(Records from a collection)
"""

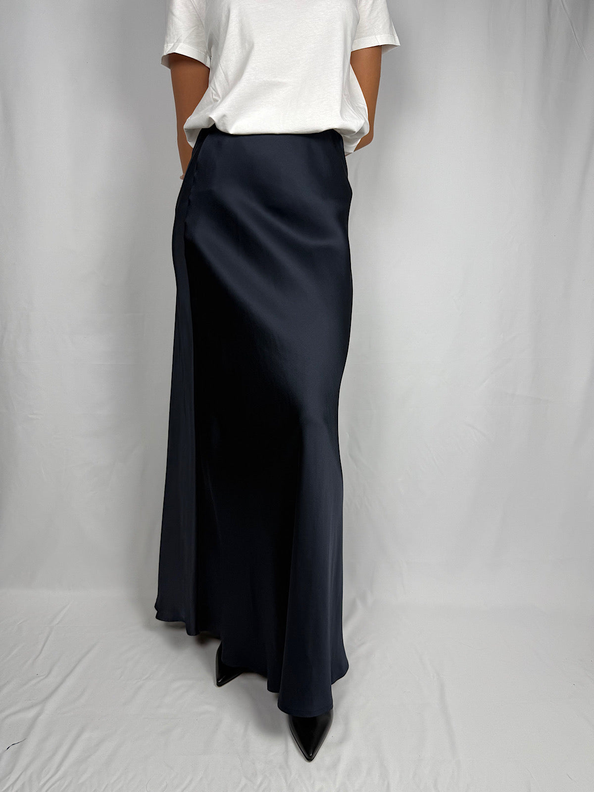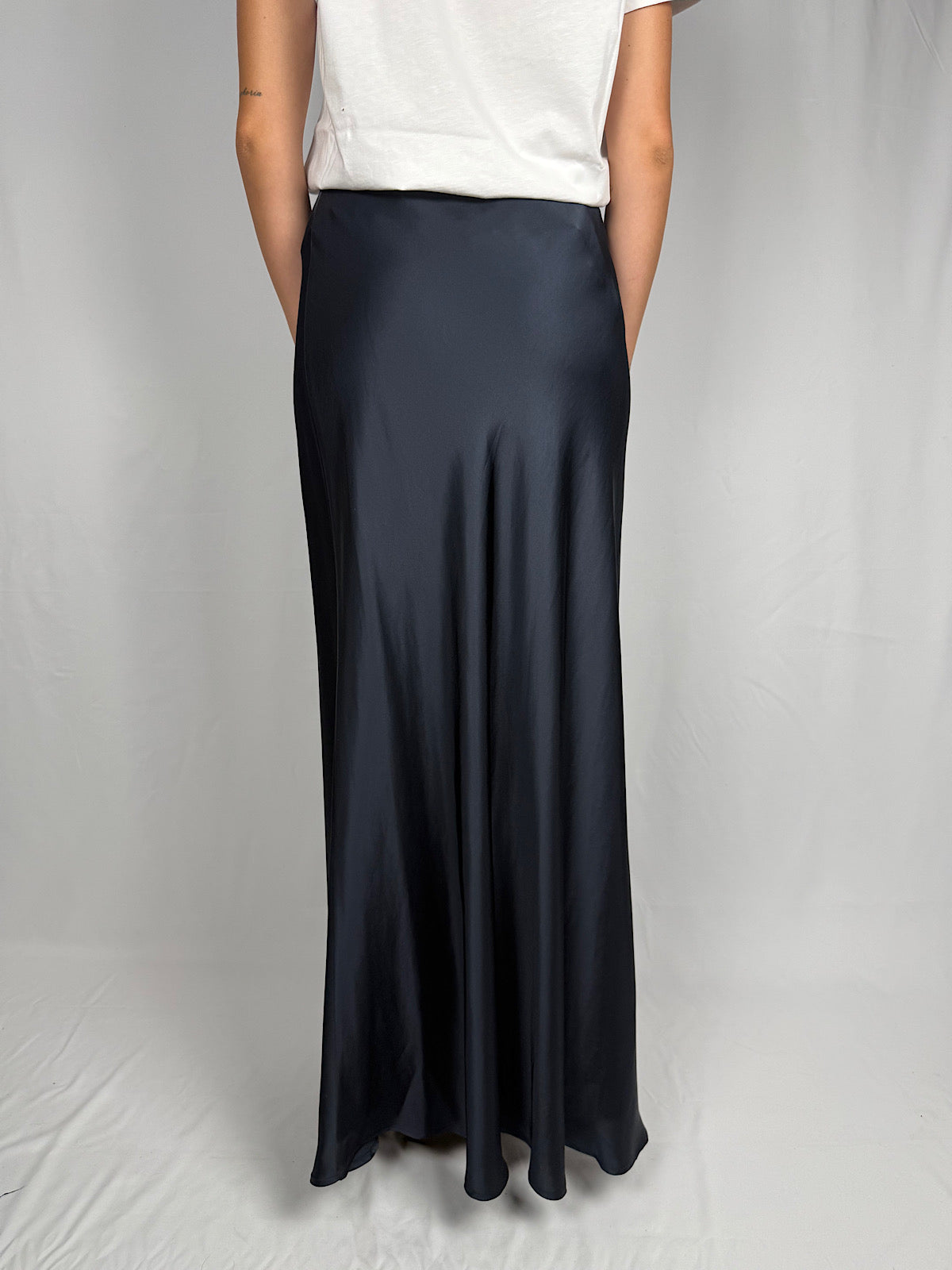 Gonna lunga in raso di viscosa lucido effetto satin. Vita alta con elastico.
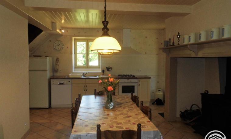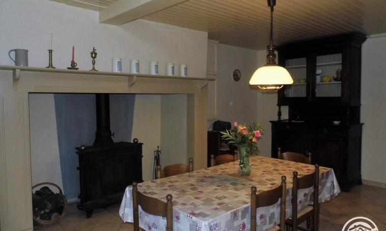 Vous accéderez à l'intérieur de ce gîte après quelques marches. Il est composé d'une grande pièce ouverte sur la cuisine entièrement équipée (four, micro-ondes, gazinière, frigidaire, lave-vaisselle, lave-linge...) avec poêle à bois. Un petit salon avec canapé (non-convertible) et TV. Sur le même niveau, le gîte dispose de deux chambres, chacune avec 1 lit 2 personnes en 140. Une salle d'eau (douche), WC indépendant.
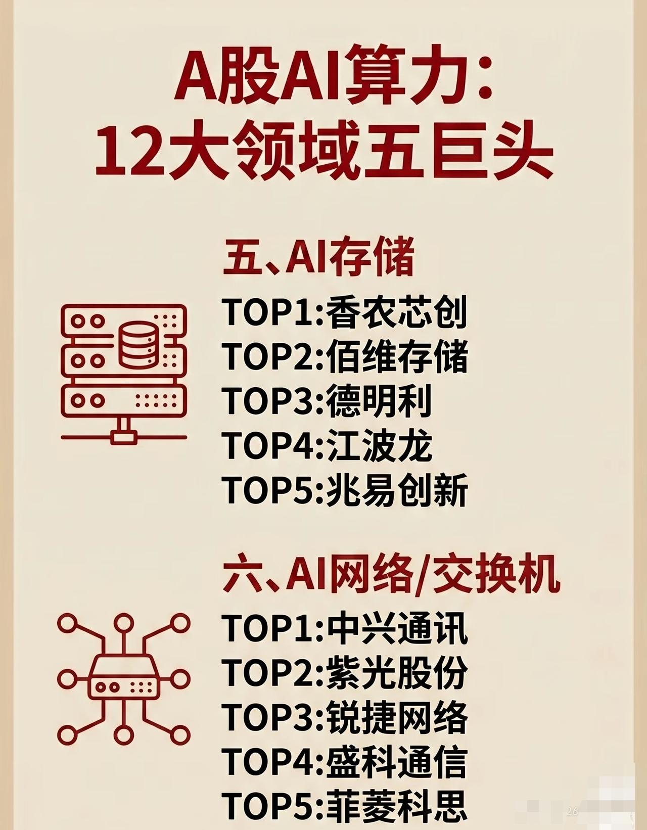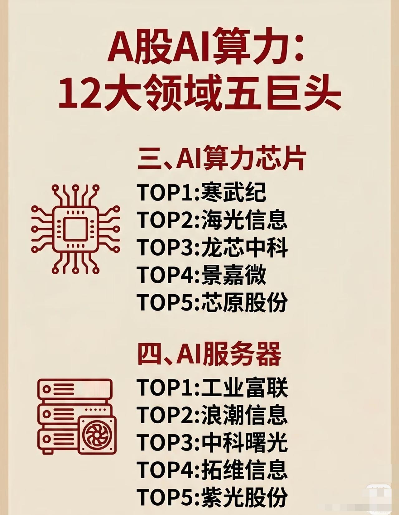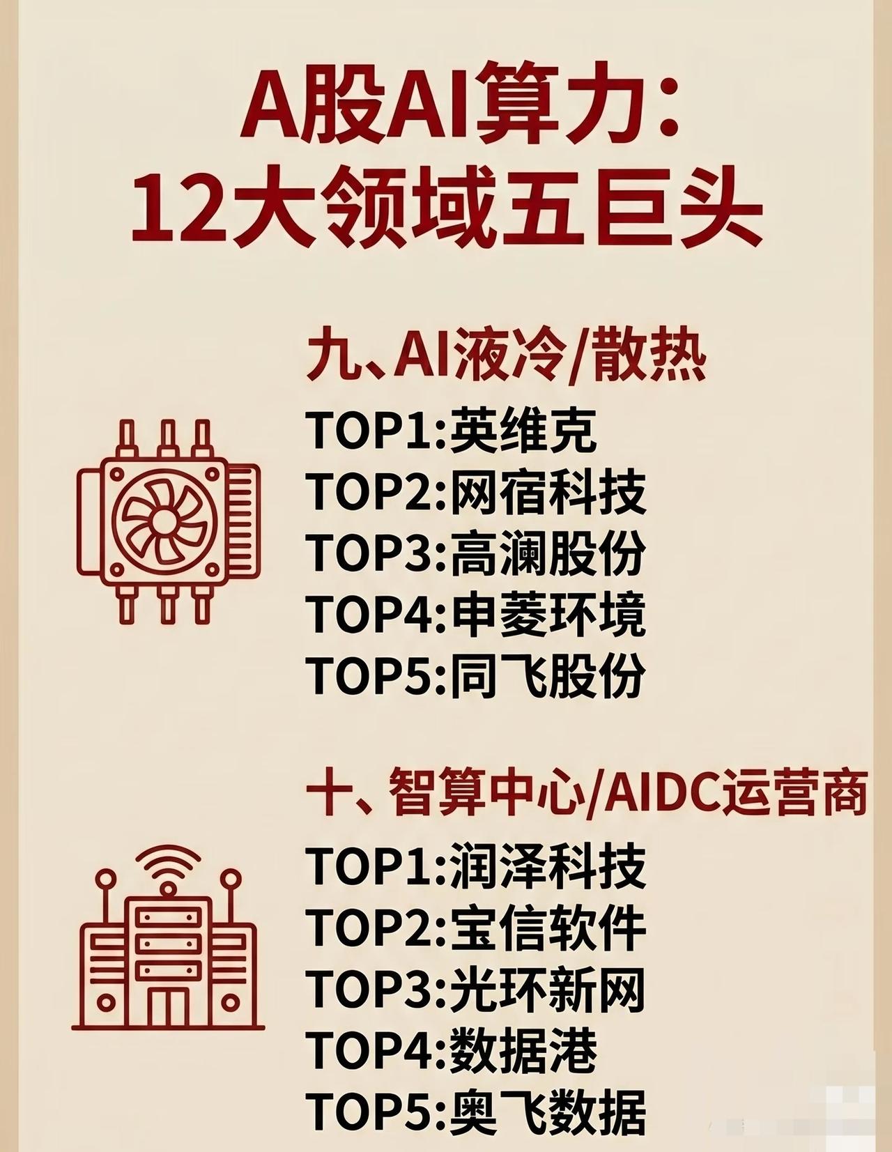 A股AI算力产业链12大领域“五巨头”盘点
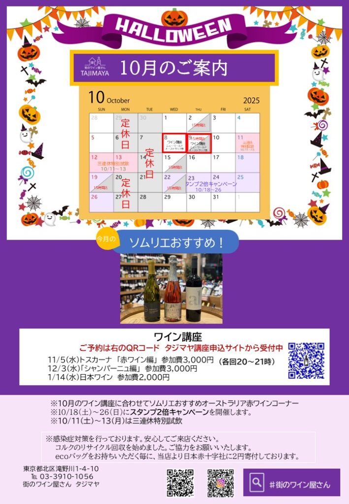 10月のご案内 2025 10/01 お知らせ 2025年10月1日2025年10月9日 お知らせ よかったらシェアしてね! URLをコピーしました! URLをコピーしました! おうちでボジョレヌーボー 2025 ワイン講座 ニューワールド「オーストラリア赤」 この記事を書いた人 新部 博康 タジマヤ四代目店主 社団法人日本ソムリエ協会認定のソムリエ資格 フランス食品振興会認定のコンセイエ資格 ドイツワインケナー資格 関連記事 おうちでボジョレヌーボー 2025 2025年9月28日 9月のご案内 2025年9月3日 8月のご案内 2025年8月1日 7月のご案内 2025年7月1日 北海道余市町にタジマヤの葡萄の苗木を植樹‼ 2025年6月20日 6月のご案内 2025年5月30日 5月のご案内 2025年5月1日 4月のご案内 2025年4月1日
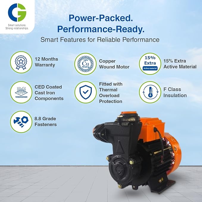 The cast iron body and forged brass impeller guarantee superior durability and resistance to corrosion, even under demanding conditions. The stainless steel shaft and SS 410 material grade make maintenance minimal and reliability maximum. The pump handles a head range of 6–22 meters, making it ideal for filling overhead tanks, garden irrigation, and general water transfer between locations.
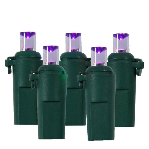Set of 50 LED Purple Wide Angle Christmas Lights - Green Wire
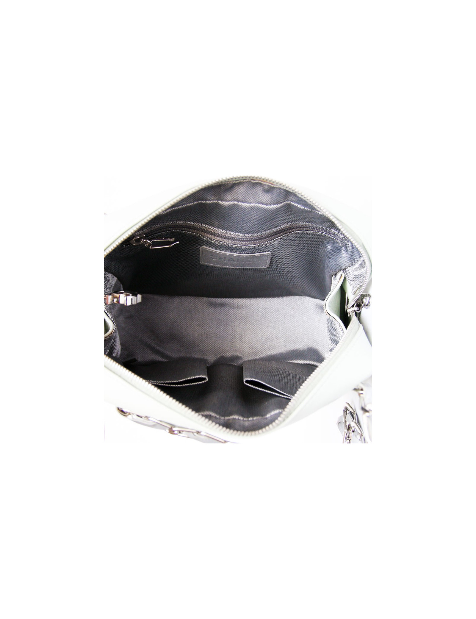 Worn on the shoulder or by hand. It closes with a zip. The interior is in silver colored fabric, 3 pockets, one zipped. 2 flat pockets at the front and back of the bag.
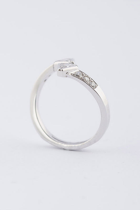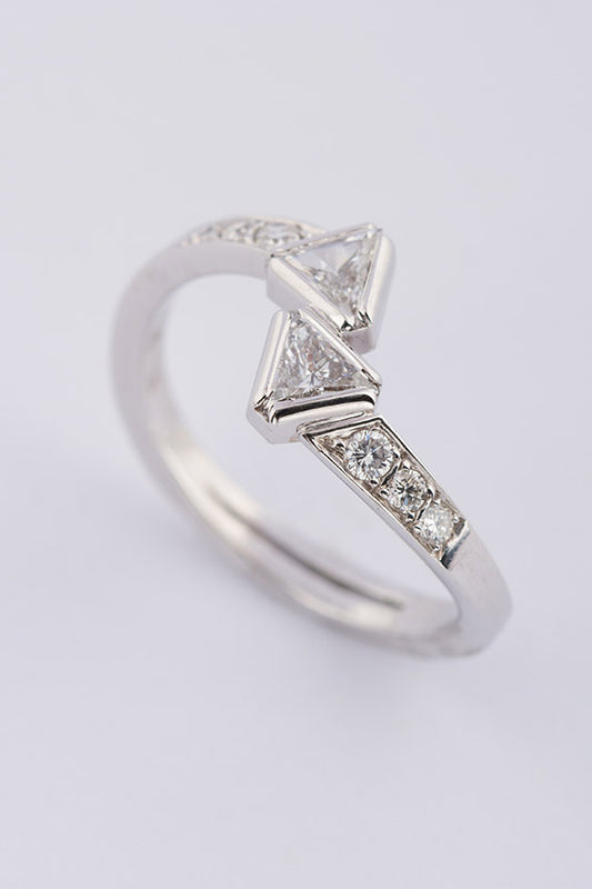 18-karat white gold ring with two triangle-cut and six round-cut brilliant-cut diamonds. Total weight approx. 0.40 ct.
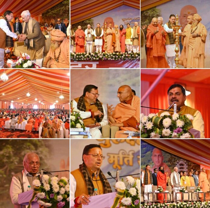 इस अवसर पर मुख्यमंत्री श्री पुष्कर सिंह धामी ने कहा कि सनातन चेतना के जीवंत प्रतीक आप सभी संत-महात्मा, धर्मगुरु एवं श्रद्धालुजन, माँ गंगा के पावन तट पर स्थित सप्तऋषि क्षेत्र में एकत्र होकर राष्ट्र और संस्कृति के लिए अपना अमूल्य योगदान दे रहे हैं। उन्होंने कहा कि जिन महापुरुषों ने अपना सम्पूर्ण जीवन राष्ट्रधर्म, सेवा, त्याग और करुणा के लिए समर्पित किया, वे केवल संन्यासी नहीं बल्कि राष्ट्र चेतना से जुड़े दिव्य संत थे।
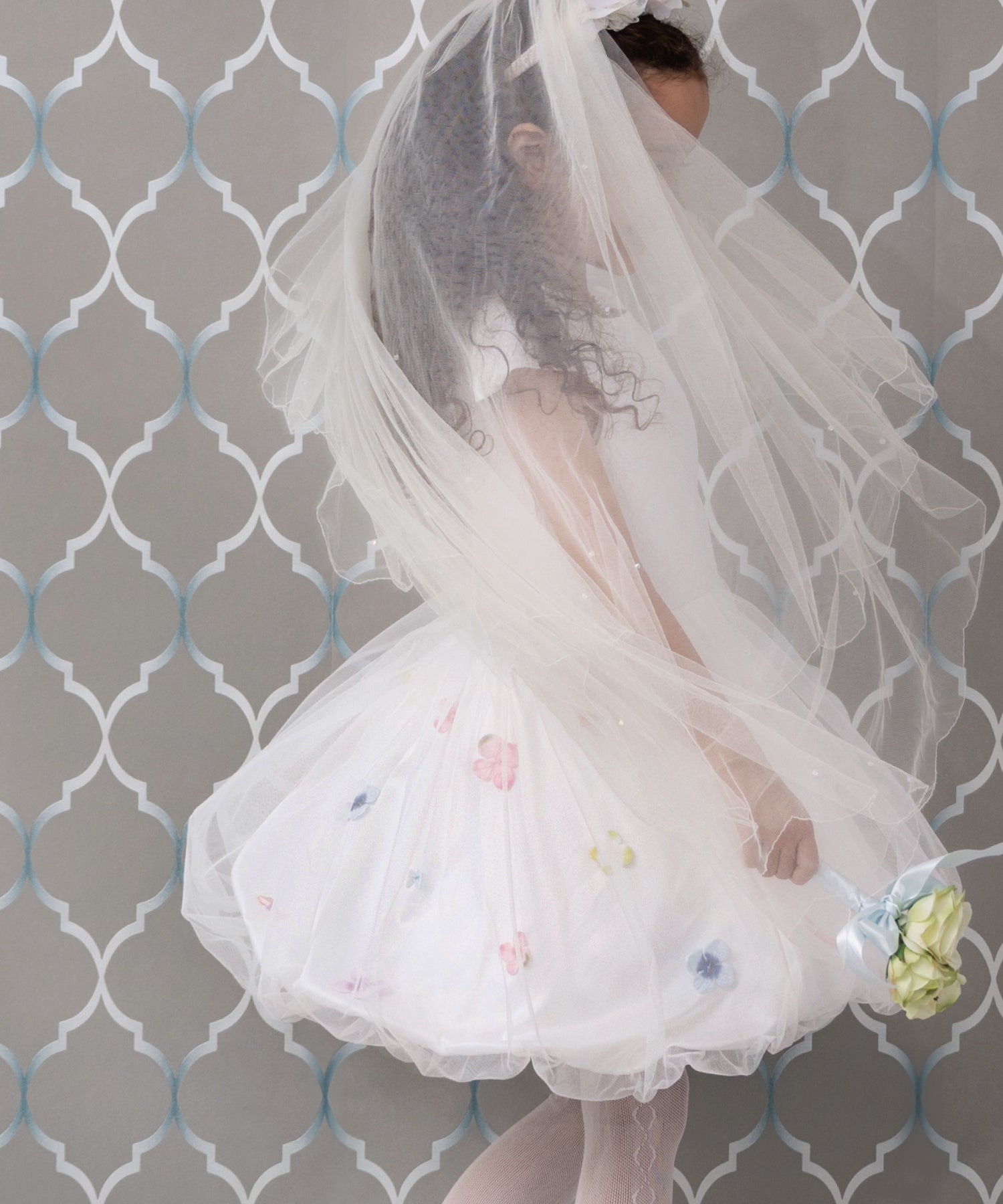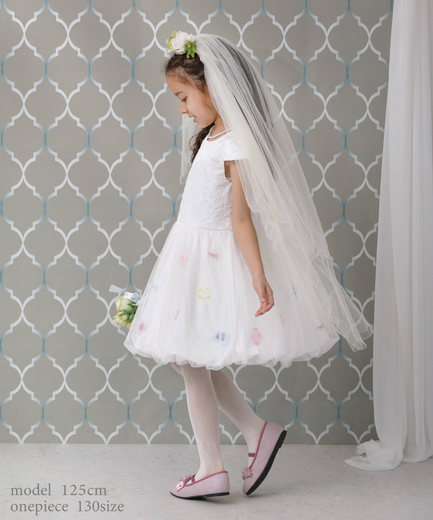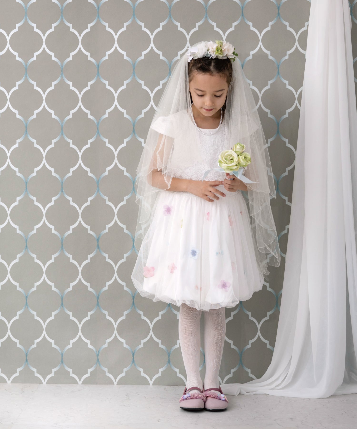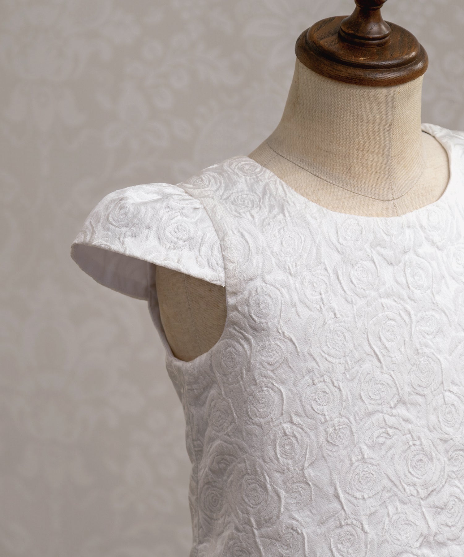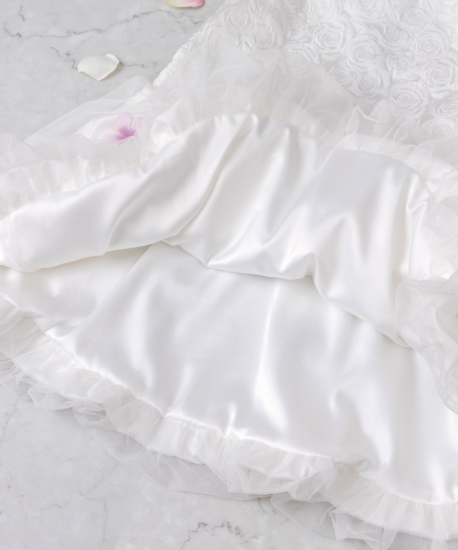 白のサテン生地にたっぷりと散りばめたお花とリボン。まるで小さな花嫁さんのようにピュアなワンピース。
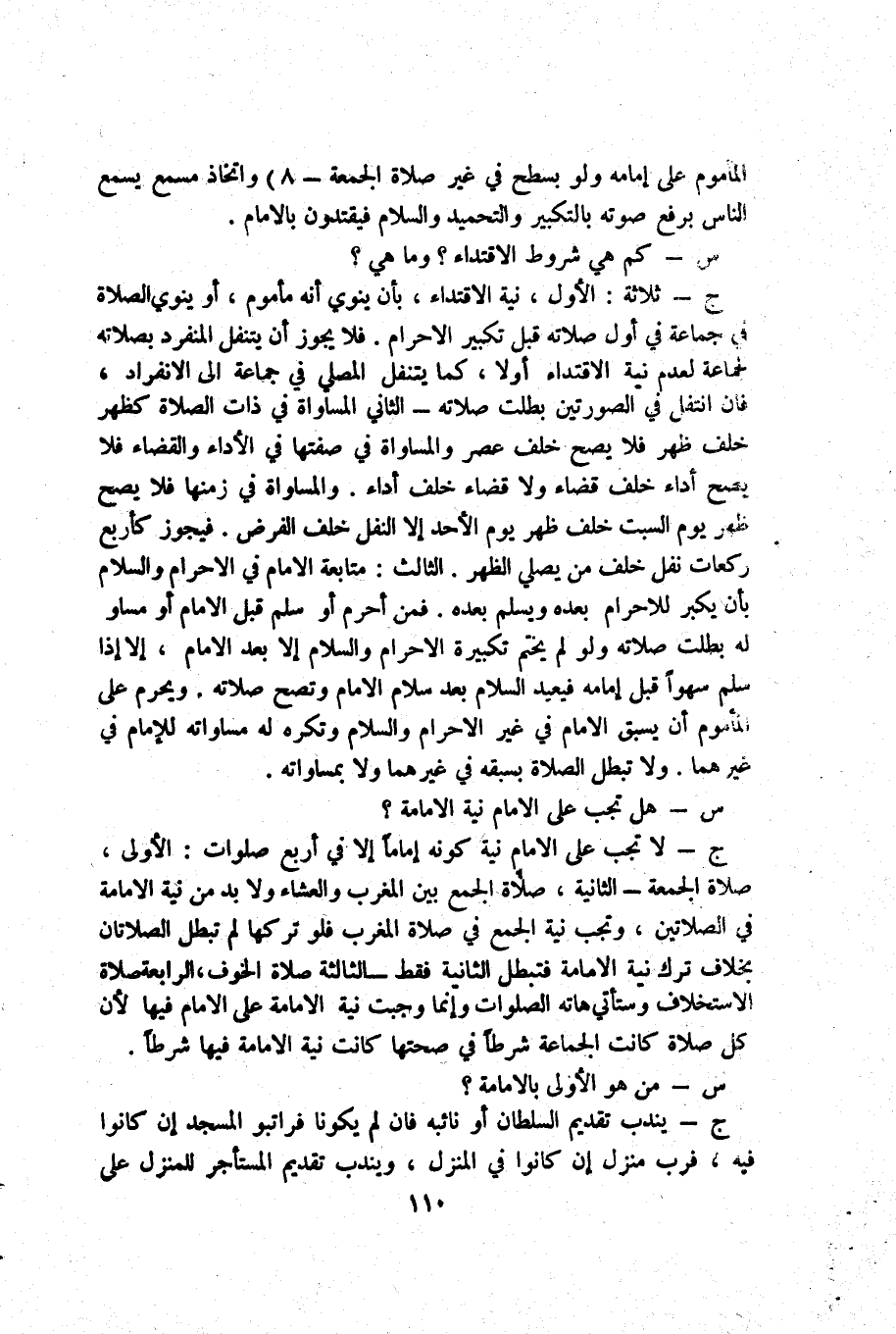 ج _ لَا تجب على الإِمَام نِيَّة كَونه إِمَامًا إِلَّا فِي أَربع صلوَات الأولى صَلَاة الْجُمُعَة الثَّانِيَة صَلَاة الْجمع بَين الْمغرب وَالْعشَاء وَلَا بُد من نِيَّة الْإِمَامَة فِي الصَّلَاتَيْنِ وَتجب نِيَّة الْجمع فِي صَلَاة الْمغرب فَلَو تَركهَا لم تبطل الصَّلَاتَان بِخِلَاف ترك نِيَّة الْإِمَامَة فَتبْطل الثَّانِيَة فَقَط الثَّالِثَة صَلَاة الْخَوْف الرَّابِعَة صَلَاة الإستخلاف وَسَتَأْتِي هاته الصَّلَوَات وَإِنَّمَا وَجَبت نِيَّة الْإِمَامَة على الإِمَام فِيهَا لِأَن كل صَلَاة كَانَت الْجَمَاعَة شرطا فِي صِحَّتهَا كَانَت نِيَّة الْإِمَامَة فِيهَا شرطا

"""

> [Required work]: In the data above, find the line containing "18-karat white gold" and the line containing "白のサテン生地にたっぷりと散". Copy exactly the stretch from the first through the second, both included, leaving out any picture.

> [Response to this exercise]:
 18-karat white gold ring with two triangle-cut and six round-cut brilliant-cut diamonds. Total weight approx. 0.40 ct.
 इस अवसर पर मुख्यमंत्री श्री पुष्कर सिंह धामी ने कहा कि सनातन चेतना के जीवंत प्रतीक आप सभी संत-महात्मा, धर्मगुरु एवं श्रद्धालुजन, माँ गंगा के पावन तट पर स्थित सप्तऋषि क्षेत्र में एकत्र होकर राष्ट्र और संस्कृति के लिए अपना अमूल्य योगदान दे रहे हैं। उन्होंने कहा कि जिन महापुरुषों ने अपना सम्पूर्ण जीवन राष्ट्रधर्म, सेवा, त्याग और करुणा के लिए समर्पित किया, वे केवल संन्यासी नहीं बल्कि राष्ट्र चेतना से जुड़े दिव्य संत थे।
 白のサテン生地にたっぷりと散りばめたお花とリボン。まるで小さな花嫁さんのようにピュアなワンピース。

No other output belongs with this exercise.